• WHAT IS REQUIRED: When you reach the line with "Una mañana más, los", transcribe it and each line after it through the last one below, exactly. Pictures stay out.

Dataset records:
⁂
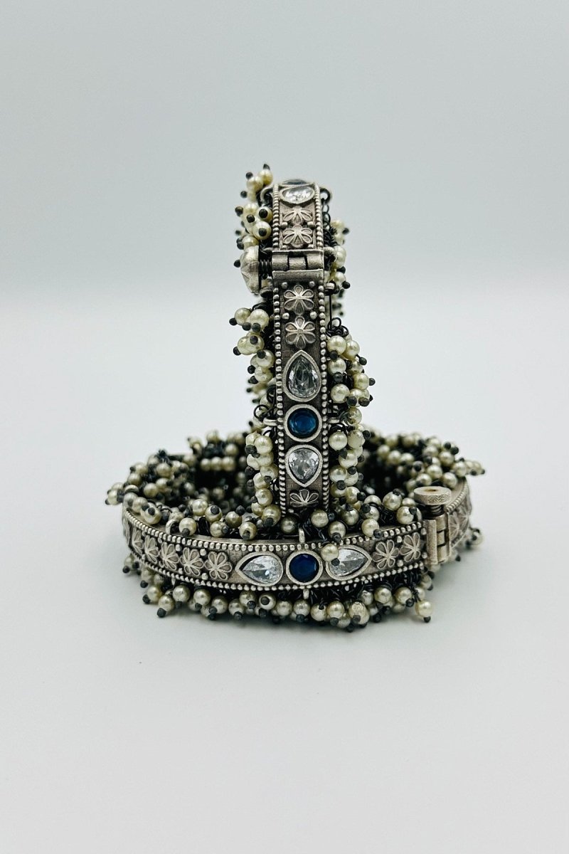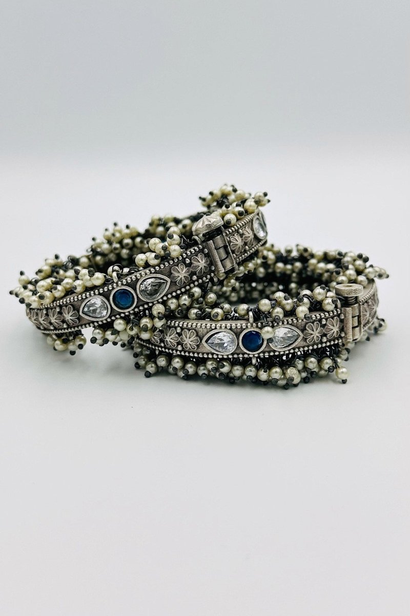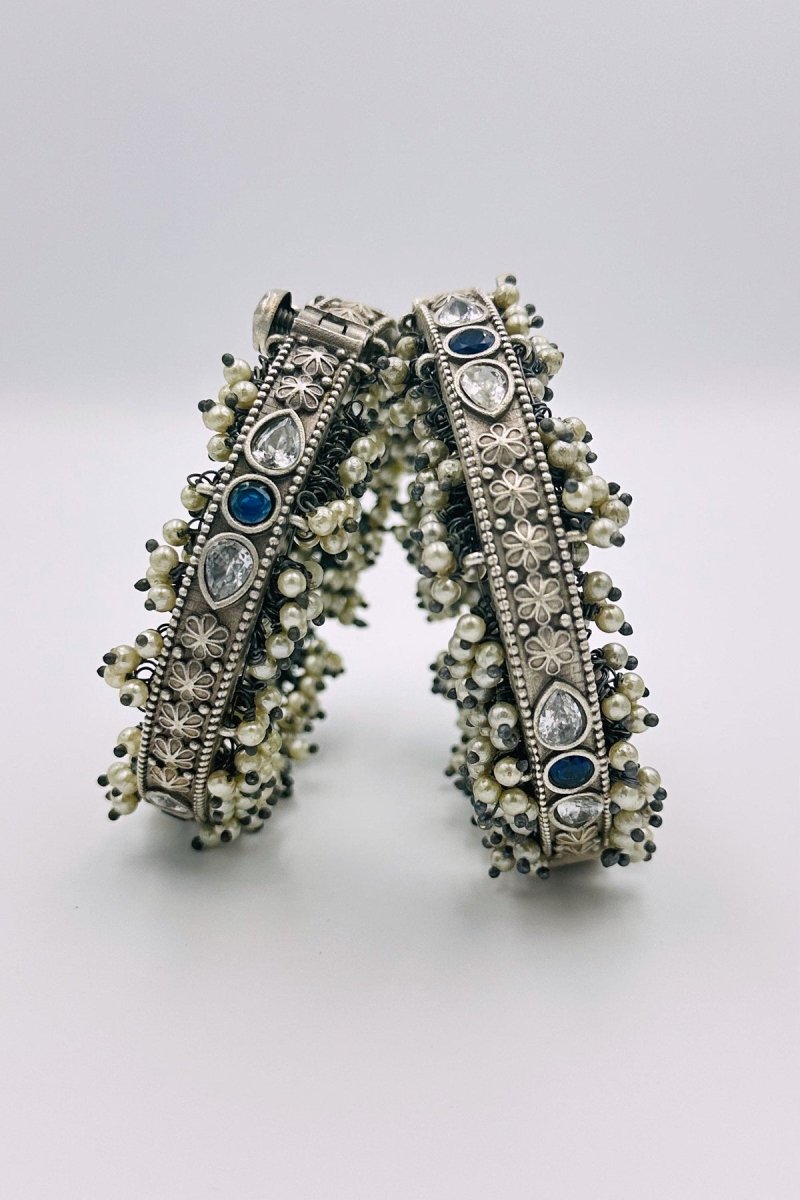 Sapphire Serenity: Blue and White Stone Silver Bangles with Pearls - swadeshsouq.com
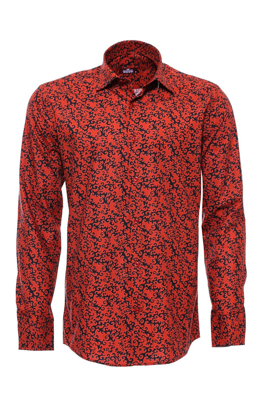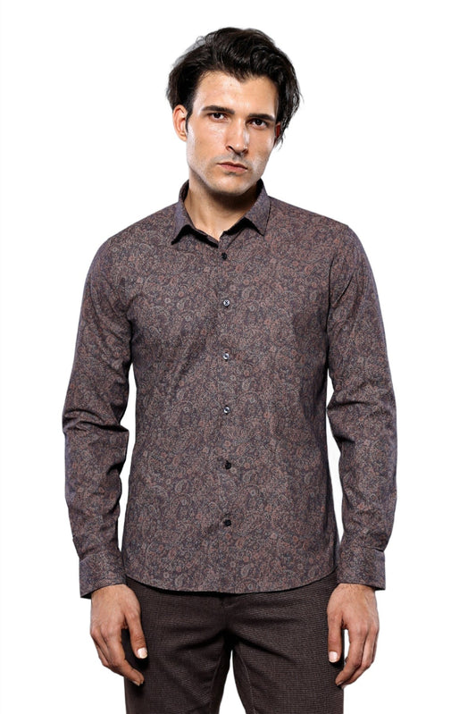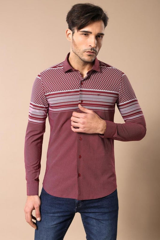 Burgundy Patterned Long Sleeves Slim-Fit Shirt -
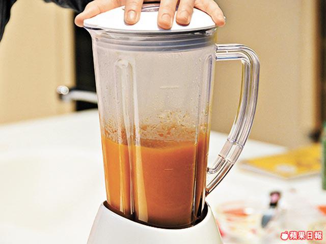3. 將湯汁放入攪拌器打爛後,倒回煲中。
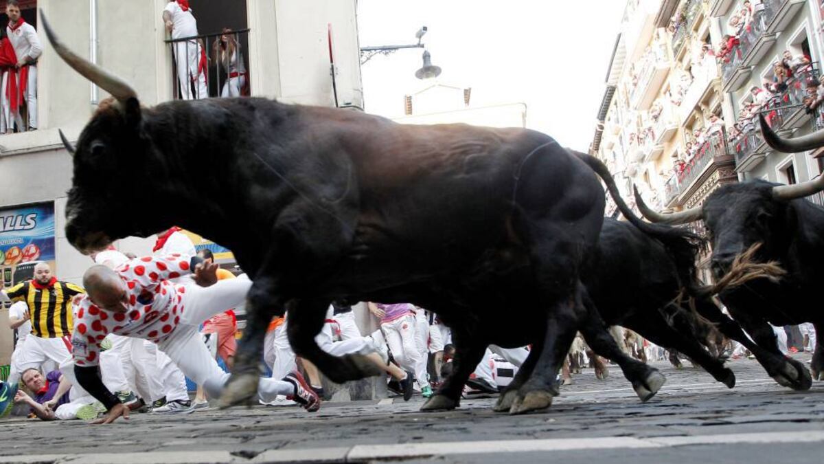 Una mañana más, los cabestros impusieron su veteranía en el inicio de la Cuesta de Santo Domingo y tomaron la cabeza antes de alcanzar a los primeros humanos; pero San Fermín es muy duro y ya se les nota el cansancio, de modo que los jóvenes atletas venidos desde la provincia de Cádiz pronto le ganaron la delantera. Así, cuando aún subían la larga pendiente y antes de enfilar la plaza del Ayuntamiento, hasta tres toros dirigían la manada, a los que se les unió un cuarto cuando se acercaban a la curva de Mercaderes-Estafeta.
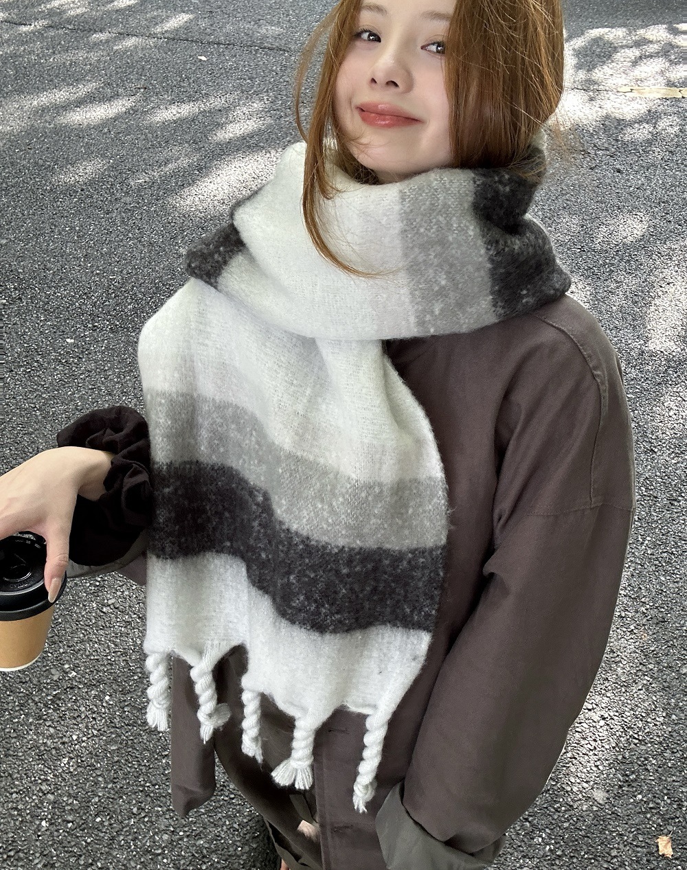 • 두꺼운 단색 대형 스카프, 다크 그레이
⁂
• RESPONSE:
 Una mañana más, los cabestros impusieron su veteranía en el inicio de la Cuesta de Santo Domingo y tomaron la cabeza antes de alcanzar a los primeros humanos; pero San Fermín es muy duro y ya se les nota el cansancio, de modo que los jóvenes atletas venidos desde la provincia de Cádiz pronto le ganaron la delantera. Así, cuando aún subían la larga pendiente y antes de enfilar la plaza del Ayuntamiento, hasta tres toros dirigían la manada, a los que se les unió un cuarto cuando se acercaban a la curva de Mercaderes-Estafeta.
 • 두꺼운 단색 대형 스카프, 다크 그레이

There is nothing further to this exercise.